• The problem:
Scan the listing below and copy every line holding "into".

• Source material:
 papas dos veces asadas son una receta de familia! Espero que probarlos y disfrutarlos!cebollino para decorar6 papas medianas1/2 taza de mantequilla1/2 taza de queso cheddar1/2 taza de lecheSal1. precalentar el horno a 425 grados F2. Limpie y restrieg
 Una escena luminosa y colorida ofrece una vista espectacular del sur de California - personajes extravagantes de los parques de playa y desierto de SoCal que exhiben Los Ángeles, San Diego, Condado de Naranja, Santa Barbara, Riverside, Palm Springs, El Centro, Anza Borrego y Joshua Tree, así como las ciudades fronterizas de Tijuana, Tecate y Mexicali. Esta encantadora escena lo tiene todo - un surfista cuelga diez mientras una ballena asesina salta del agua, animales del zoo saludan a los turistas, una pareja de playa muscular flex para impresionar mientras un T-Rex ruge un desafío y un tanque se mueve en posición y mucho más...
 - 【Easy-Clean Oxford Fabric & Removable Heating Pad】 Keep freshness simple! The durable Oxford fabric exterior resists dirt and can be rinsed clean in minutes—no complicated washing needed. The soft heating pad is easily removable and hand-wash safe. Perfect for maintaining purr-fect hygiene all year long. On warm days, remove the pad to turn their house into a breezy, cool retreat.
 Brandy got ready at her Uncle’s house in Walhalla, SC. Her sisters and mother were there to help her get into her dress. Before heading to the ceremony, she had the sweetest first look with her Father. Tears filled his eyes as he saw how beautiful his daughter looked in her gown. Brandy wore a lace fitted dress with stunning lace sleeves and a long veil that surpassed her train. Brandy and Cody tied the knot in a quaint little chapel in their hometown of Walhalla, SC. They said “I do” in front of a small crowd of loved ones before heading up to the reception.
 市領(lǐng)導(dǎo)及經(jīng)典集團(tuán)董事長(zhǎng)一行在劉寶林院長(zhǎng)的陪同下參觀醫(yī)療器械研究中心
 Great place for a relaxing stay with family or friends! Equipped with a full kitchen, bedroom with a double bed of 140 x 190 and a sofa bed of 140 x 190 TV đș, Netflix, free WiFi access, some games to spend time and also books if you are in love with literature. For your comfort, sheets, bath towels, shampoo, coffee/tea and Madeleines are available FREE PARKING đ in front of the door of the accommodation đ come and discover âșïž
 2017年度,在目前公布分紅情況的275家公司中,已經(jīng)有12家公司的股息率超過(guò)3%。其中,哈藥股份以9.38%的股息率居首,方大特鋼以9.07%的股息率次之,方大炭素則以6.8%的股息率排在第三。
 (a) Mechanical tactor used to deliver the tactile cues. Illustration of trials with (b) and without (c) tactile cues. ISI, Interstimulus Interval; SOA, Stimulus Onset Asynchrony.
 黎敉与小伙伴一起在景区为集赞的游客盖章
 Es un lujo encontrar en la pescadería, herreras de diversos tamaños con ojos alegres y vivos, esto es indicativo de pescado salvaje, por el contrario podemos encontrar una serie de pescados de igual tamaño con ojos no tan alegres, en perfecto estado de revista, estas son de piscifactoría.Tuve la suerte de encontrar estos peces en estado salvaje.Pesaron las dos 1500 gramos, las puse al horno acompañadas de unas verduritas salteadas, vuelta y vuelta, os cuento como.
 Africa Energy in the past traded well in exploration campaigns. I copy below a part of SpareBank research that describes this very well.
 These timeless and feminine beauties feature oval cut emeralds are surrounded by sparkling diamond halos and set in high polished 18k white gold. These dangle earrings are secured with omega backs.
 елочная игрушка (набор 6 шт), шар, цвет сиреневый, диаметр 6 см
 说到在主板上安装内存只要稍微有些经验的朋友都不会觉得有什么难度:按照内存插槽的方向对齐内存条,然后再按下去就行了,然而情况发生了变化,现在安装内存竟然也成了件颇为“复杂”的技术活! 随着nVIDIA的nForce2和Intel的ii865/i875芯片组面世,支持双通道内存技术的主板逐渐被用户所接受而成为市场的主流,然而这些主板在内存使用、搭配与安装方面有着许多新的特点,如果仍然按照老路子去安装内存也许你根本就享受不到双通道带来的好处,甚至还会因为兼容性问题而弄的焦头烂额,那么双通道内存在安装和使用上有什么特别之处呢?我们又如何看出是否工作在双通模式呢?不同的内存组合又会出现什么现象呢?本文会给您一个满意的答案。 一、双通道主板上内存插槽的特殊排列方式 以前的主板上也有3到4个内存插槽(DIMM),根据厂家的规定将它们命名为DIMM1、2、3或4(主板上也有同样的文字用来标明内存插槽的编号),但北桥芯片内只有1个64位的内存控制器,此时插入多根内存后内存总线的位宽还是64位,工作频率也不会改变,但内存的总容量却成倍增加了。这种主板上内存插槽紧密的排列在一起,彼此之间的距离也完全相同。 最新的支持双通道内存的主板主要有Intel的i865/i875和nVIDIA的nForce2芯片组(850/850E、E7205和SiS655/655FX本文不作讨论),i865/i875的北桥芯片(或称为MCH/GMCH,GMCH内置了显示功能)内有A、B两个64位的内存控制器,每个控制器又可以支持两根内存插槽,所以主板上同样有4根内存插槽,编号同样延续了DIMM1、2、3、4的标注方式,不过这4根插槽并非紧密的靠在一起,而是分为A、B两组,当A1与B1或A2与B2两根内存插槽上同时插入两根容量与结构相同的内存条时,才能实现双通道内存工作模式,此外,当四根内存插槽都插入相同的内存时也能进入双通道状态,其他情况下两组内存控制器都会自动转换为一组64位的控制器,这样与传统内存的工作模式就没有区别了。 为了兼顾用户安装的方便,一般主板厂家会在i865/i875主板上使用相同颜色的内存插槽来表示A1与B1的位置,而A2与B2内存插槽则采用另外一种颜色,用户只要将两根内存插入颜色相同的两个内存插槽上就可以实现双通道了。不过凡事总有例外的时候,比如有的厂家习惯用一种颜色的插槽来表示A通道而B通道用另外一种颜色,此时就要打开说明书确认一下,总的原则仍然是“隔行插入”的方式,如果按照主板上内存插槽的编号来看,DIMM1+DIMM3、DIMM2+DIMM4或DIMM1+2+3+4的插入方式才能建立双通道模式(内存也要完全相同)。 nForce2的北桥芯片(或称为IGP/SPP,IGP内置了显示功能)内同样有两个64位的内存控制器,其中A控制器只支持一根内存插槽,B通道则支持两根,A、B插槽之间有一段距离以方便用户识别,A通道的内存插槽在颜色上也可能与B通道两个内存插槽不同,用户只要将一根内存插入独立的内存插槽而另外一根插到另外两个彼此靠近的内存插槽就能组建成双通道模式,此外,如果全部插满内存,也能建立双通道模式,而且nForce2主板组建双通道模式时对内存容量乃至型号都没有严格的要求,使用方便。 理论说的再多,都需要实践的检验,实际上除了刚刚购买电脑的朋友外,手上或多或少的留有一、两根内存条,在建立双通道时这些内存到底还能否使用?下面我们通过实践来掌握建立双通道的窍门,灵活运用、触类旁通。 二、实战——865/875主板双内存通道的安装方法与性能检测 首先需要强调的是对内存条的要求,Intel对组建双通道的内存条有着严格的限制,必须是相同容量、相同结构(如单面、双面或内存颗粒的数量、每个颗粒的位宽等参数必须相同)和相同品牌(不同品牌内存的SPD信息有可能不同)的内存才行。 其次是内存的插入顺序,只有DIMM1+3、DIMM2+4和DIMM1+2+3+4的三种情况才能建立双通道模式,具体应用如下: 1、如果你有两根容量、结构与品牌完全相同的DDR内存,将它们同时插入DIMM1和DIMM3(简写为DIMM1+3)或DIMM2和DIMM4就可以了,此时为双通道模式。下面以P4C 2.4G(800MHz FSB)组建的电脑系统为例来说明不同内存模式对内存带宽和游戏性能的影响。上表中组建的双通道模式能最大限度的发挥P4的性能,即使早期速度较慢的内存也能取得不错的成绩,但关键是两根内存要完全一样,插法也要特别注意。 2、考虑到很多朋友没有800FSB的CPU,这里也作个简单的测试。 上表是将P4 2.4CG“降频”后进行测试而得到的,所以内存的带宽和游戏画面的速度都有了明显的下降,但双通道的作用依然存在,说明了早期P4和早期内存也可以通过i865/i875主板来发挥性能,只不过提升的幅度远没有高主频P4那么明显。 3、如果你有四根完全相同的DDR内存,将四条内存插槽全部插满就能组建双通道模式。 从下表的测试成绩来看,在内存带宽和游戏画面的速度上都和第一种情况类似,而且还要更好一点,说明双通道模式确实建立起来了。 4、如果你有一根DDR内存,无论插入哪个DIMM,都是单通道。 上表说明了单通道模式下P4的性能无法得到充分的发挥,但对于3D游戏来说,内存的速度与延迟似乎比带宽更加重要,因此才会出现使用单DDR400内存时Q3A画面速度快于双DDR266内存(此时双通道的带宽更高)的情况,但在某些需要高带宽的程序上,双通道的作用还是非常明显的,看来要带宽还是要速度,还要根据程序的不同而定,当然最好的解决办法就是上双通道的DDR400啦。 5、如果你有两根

• Answer to this problem:
 - 【Easy-Clean Oxford Fabric & Removable Heating Pad】 Keep freshness simple! The durable Oxford fabric exterior resists dirt and can be rinsed clean in minutes—no complicated washing needed. The soft heating pad is easily removable and hand-wash safe. Perfect for maintaining purr-fect hygiene all year long. On warm days, remove the pad to turn their house into a breezy, cool retreat.
 Brandy got ready at her Uncle’s house in Walhalla, SC. Her sisters and mother were there to help her get into her dress. Before heading to the ceremony, she had the sweetest first look with her Father. Tears filled his eyes as he saw how beautiful his daughter looked in her gown. Brandy wore a lace fitted dress with stunning lace sleeves and a long veil that surpassed her train. Brandy and Cody tied the knot in a quaint little chapel in their hometown of Walhalla, SC. They said “I do” in front of a small crowd of loved ones before heading up to the reception.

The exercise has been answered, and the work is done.